Siirt’in İslami ilimlerin yaşatılması ve geliştirilmesi noktasında gerçekten çok büyük bir hassasiyet örneği olduğunu anlatan Cumhurbaşkanı Erdoğan, “Siirt’te ve bölgedeki her şehrimizde kanaat önderlerimiz, alimlerimiz var. Bunlar yıllarca bu faaliyetleri bütün gayretleri ile sürdürdüler. Bu meselelerden bin tanesine Diyanet İşleri Başkanlığımız kadro vererek kendi bünyesine kattı. Bakınız yıllarca medreselere karşı mesafeli duran bir yönetim anlayışından bu alimlerin devletin kadrosuna alındığı bir yaklaşıma gelindi” diye konuştu.

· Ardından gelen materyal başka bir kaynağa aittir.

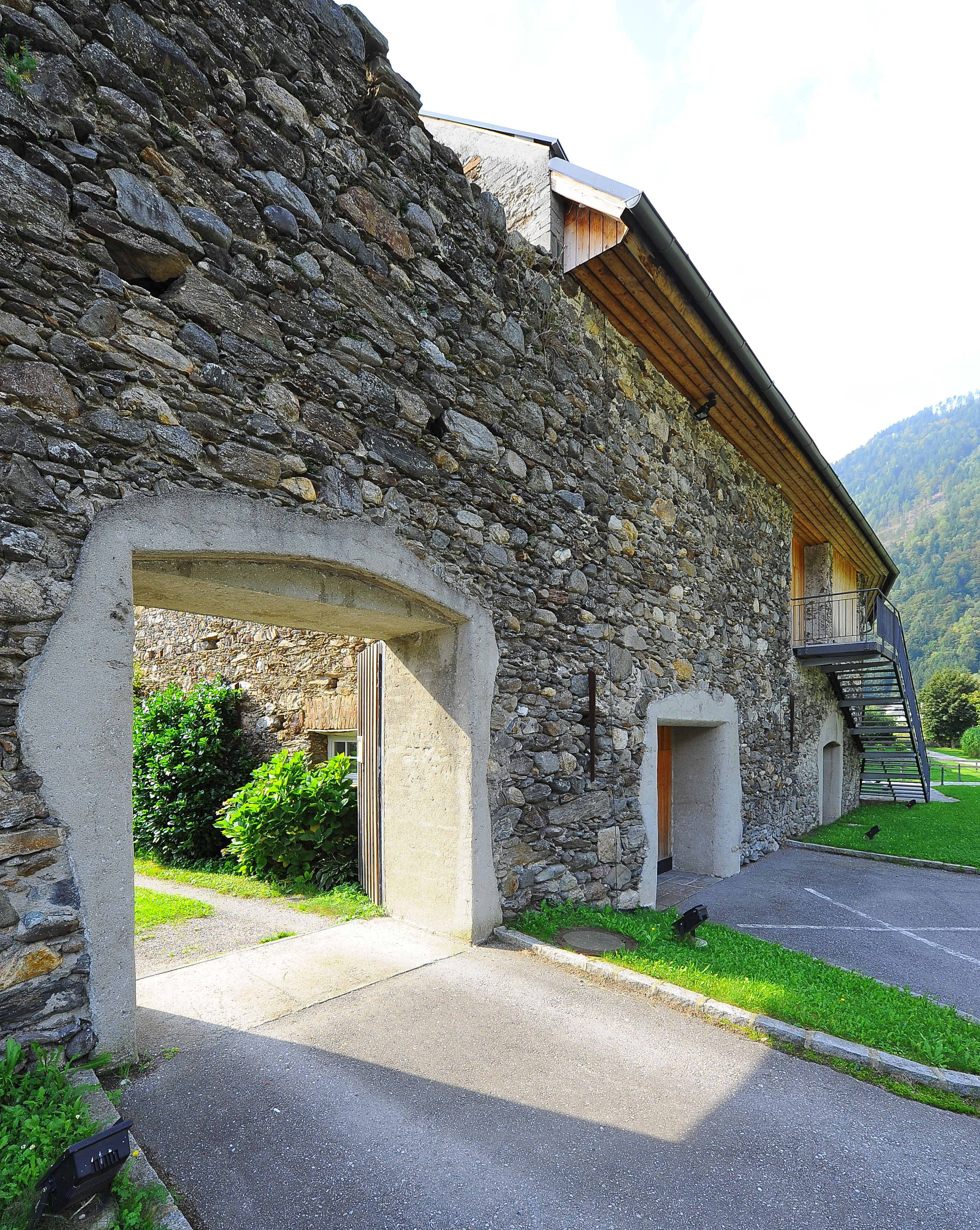 Part of the fortification on Marktplatz #18a in Sachsenburg, municipality Sachsenburg, district Spittal an der Drau, Carinthia / Austria / EU
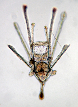 Early pluteus larva of the heart urchin Echinocardium cordatum, width ca 600 Âµm
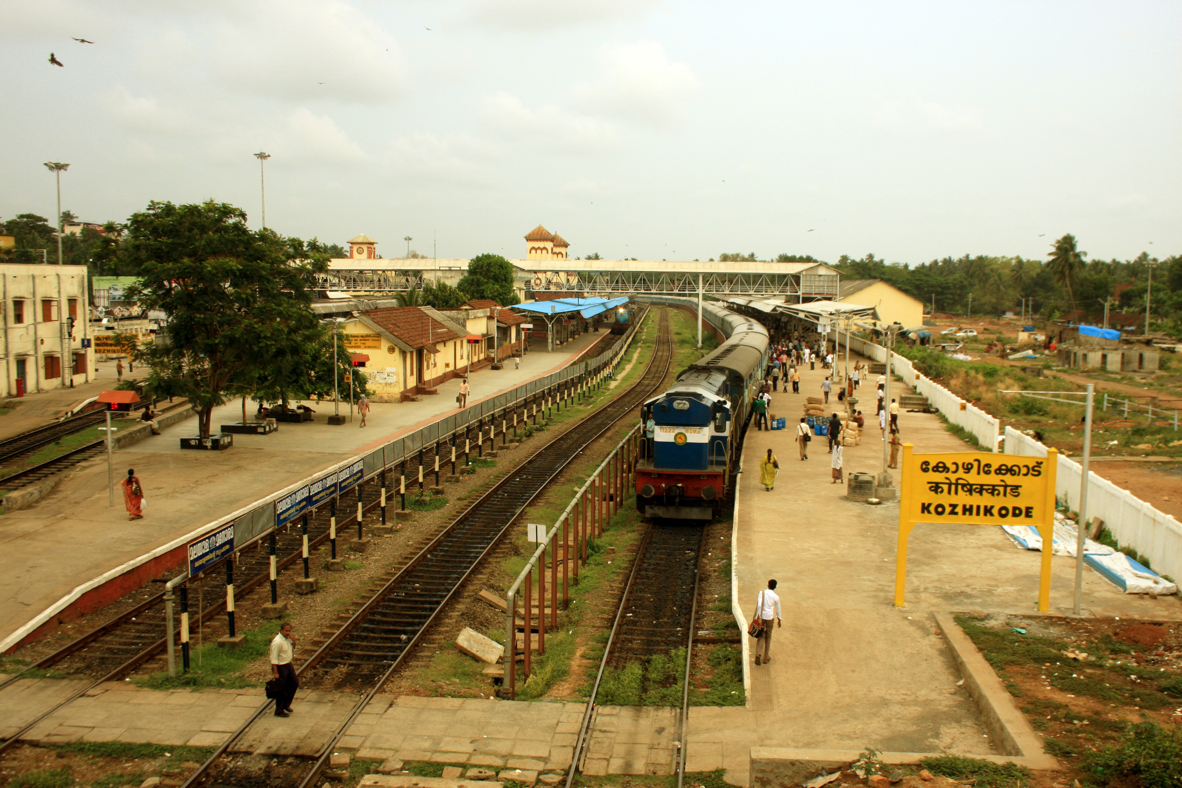 Kozhikode Railway Station is the largest railway station in the city of Kozhikode, India. The station has four platforms and two terminals.
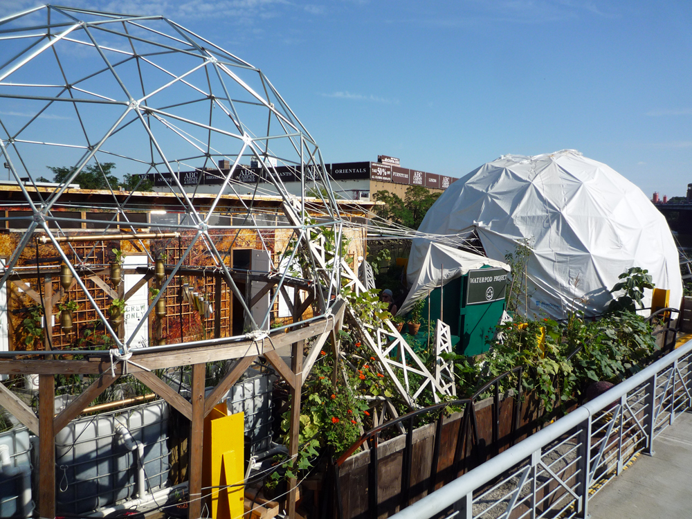 Waterpod (2009) was a public artwork by artist Mary Mattingly that converted a mobile barge into a city-sanctioned public park where volunteers lived and worked to create a self-sufficient ecosystem.

“BÖLGE HALKI BÜYÜK BİR SIKINTI İLE KARŞI KARŞIYA”
Bölge halkının büyük bir sıkıntı ile karşı karşıya olduğuna da dikkat çeken Erdoğan, sözlerini şöyle sürdürdü:
“Taşradaki eğitim ve ilim irfan yuvaları bölücü örgütün mensupları tarafından kapatılmaya çalışıyor. Bölücü örgüt adına bunu hayata geçirenler var. Bugün Türkiye’de Boko Haram ve DEAŞ gibi örgütler varlık göstermiyorsa bunda en önemli pay Diyanet İşleri Başkanlığı’nındır. Ülkemizde mezhep çatışması gibi oyunlar tutmuyorsa Diyanet İşleri Başkanlığı’nın büyük rolü var. Kardeşlerim şimdi soruyorum Siirt yeni Türkiye’ye hazır mı? Yeni Anayasaya hazır mı? Başkanlık sistemine hazır mı? Öyleyse hep beraber çalışmak gerekiyor. Allah birliğimizi ve beraberliğimiz daim kılsın.”
Erdoğan, konuşmanın ardından 40 eser ve tesisin açılış kurdelesini kesti. Daha sonra Valiliğe hareket eden Erdoğan çifti, vatandaşların birlikte fotoğraf çektirme talebini de geri çevirmedi.